++++ Raw data

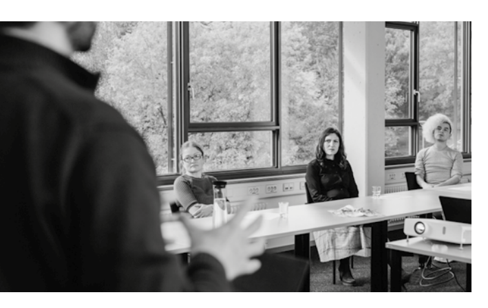
Fellows at the Jour fixe

The University of Konstanz has been successful in the German Excellence Initiative and Excellence Strategy since 2007. The Zukunftskolleg is a keystone in the University of Konstanz's institutional policy to promote top-level research and is funded by the German federal and state governments' Excellence Strategy.
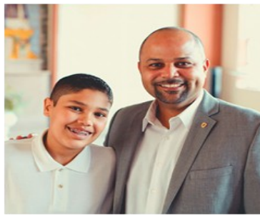
Meet with your Agent
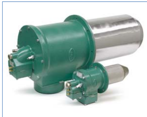
Figure 1 Eclipse burner
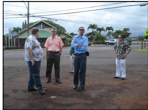
Assessing and discussing possible improvements for the Kawaihau/Hauaala Road intersection and making a safe route to walk to Kapaa Elementary and High Schools
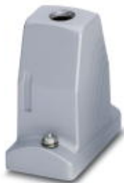
HEAVYCON ADVANCE EMV sleeve housing B10, with screw locking, height 100 mm, with 1xM32 thread, straight cable outlet

Please be informed that the data shown in this PDF Document is generated from our Online Catalog. Please find the complete data in the user's documentation. Our General Terms of Use for Downloads are valid ( http://phoenixcontact.com/download )
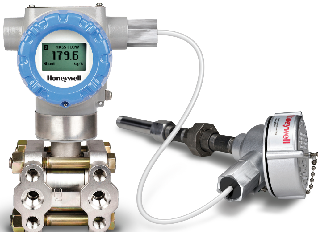
Honeywell SmartLine Multivariable SMV800 Transmitter
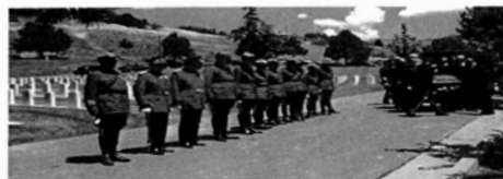
Members of E Division attend artist Arnold Friberg's funeral in Salt Lake City, Utah.
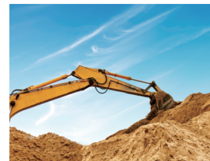
| GRADING SLOPES
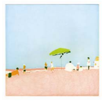
▲ SKY BEACH (Blue) by Isca Greenfield-Sanders will be installed in 2011 at Hudson County Community College.

Hudson County Community College welcomes donations of funds to buy art for the
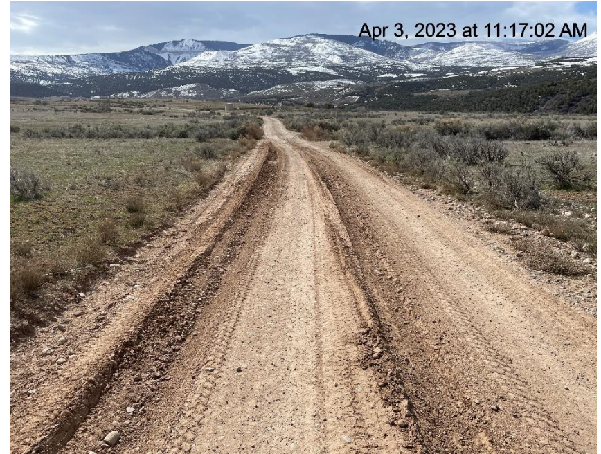
Photo # 4084 Lack of stabilization/Insufficient tracking BMP's (approximately 3.8 miles down lease road)
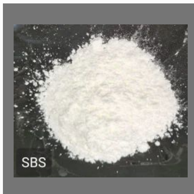
Salbutamol Sulphate EP
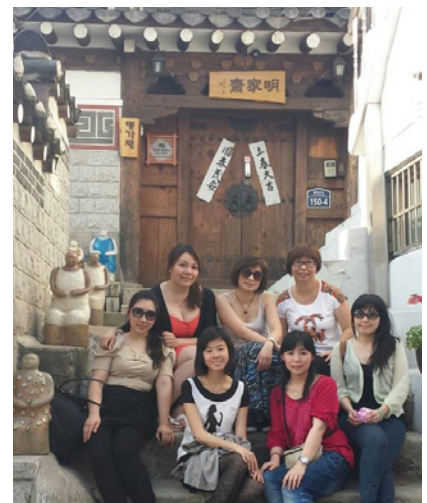
↑ Jayceettes immersed in the culture of Korea after ASPAC

The most memorable thing in Gwangju would be the debate championship competition for JCI HK had become the finalist in the competition and I am very
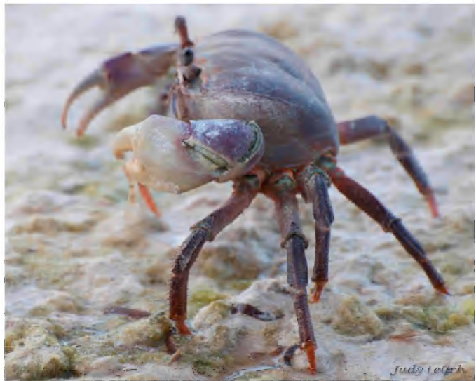
Blue crab, Christmas Island

Monthly newsletter of the Castlemaine Field Naturalists Club Inc.
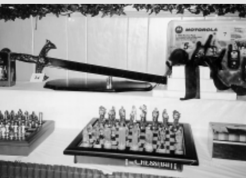
Some of the items sold during the live auction included high-quality chess sets, a replica of a sword from the Crusades, a wooden inlaid box and a cd set featuring the BBC's 1981 13-hour rendition of J.R.R. Tolkien's literary classic, The Lord of the Rings .
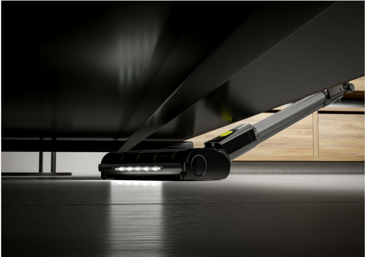
Image: The vacuum cleaner head extended flat to clean beneath a low piece of furniture.

Image: The vacuum cleaner positioned to clean under a sofa, demonstrating its flexible design.
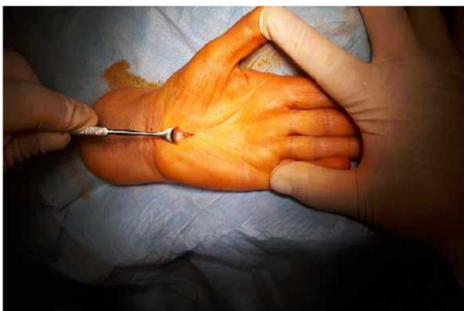
Figure 1. Traditional method (J. Strychr's material)

Most often, the procedure is performed using the open method, which involves cutting the transverse ligament of the wrist under strict visual inspection of the operating surgeon (Figure 1,2,3,4,5).
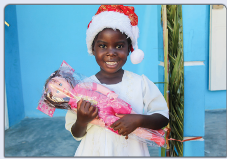
$ 5.00 #402 Christmas present for a child.
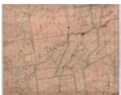
Map of the Towns of Au Sable, Franklin, Black Brook, Chesterfield, Lewis, Jay, Wilmington, Keene, North Elba, and St. Armand (NYSA_B1405-96_150A07)

++++++++

What the task requires —
Every line above that holds the string "Christmas" should be returned.

Answer space —
Blue crab, Christmas Island
$ 5.00 #402 Christmas present for a child.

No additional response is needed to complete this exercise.